Magnesium acetate in protein lysates - (Mar/21/2012 )
I'm working on preparation of protein lysates from recombinant E.coli. I induced 1OD culture with 0.5mM IPTG and grew it for 2 hours. After harvesting the cells, I used a lysing solution (Tris, NaCl, EDTA, lysozyme) and then sonicated the sample. When I ran the cell lysate on 10%SDS PAGE, I can't see a large blob-like band for my over-expressed protein! Infact, I can't even locate my over-expressed protein properly!!!

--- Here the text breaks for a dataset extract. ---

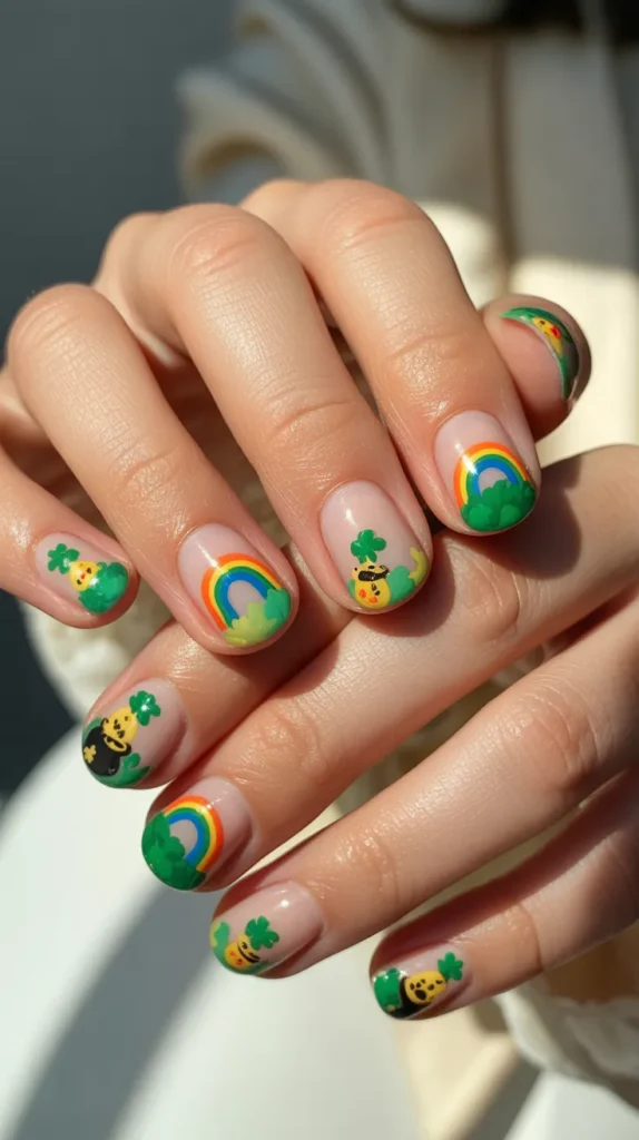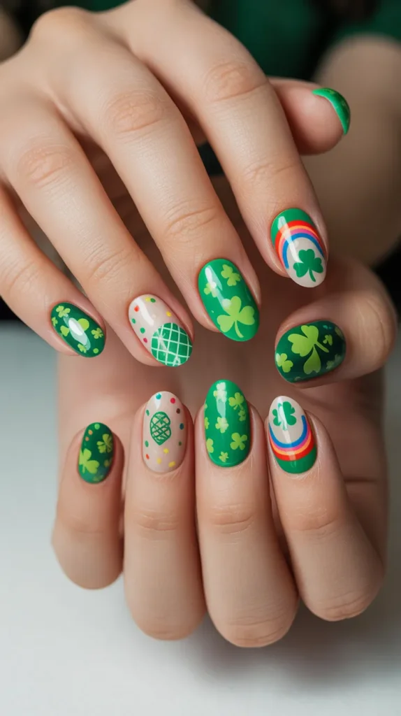 Mix-and-match sticker nails combine clovers, rainbows, stripes, and solid greens on different fingers. This creative style lets you use every sticker in the pack.

I read in a few articles that magnesium acetate should be added before sonication. What is the role of magnesium acetate???!!! I'm so confused!!!
Please help me out
I don't know the function of magnesium acetate for sonication. I did a quick Google search to find articles on the subject and came up with nothing.
I have successfully used sonication to lyse E. coli after overexpressing proteins. Make sure the sonicator has been tuned properly before every run. I usually do 10 repetitions of the following:
10 second sonicator burst at the highest setting for your particular sonifier probe with 30 seconds on ice to cool the sample. Repeat 9 times. This should lyse most of the cells especially after your lysosome step.
If the sonification doesn't work, try chemical lysis. Novagen (EMD Biochemicals) makes a great product called Bugbuster to lyse E.coli. It is REALLY easy to use with nice results. If you go this route, make sure to purchase the kit with Benzonase. This enzyme will chew up DNA and RNA, leaving only the proteins behind.